UiPath Community's avatar

This is an underexplored angle. What I find most interesting is how distillation changes the economics of deployment, especially for enterprises running automation at scale. If smaller distilled models can handle 80% of routine tasks reliably, the real competitive moat shifts from model size to orchestration and integration. Curious whether anyone's benchmarking distilled models specifically for structured enterprise workflows.

Tap's avatar

At first i read the news, i think standard distillation model need probability output tokens of teacher which is impossible to get from new reasoning model api.

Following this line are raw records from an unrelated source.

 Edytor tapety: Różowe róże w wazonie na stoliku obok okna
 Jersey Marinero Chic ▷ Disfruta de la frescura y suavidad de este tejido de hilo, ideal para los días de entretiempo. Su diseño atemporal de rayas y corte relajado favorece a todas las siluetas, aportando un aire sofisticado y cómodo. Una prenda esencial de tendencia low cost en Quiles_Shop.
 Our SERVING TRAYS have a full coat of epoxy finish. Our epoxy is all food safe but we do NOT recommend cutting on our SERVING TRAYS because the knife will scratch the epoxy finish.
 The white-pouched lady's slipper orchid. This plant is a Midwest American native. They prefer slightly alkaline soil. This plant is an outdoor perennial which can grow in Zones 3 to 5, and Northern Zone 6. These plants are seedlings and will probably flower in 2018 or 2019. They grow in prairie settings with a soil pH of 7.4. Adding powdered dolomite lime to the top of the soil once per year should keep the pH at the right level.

and this article has very good points at RLVR need more computation. And make me clear.

Leo W.'s avatar

I worry the timing might suggest problems with not bending the knee to the current administration on recent issues with the DoD or Dario’s well known anti-authoritarian stance. Posturing as the visible anti-CCP company could help win policymaker support.. but the average American probably still doesn't know or care about what Anthropic is or does. Maybe they might be signaling this in anticipation of more strictly cutting off Chinese users/usage and need to signal shareholders for a temporary drop in some number investors care about.

Jonathon P Sine's avatar

Have you seen this video and his thread? Curious your opinion. He also raises a serious contention RE claims on MiniMax and Moonshot that not sure you note (about half way through the vid). Cheers https://x.com/theo/status/2026199981179449409?s=46

Nathan Lambert's avatar

I don't think Anthropic would lie about this. I also don't think doing what the Chinese labs are doing is particularly bad faith, as the LLM terms of service have been routinely violated for years.

Kevin Xu's avatar

"It’s clear from their open research that Chinese labs have excellent RL infrastructure, despite the compute shortages."

Is this at least in part due to the resources need in strong RL environment being skewed more towards CPUs, and access to CPUs are less constrained and falls more or less outside of current export control regime? (Of course not discounting Chinese AI labs' talent is strong, constraints breed innovation, etc. etc.)

Nathan Lambert's avatar

I think getting rl right is mostly hard infra problems and needing good GPUs. The cpus matter very little.

messyfork's avatar

Are tasks like coding still GPU limited in post-training/RL? Maybe its just from reading the semianalysis post about CPU demand going up but it made sense to me that just providing enough coding playgrounds for agents to RL in might have become the bottleneck.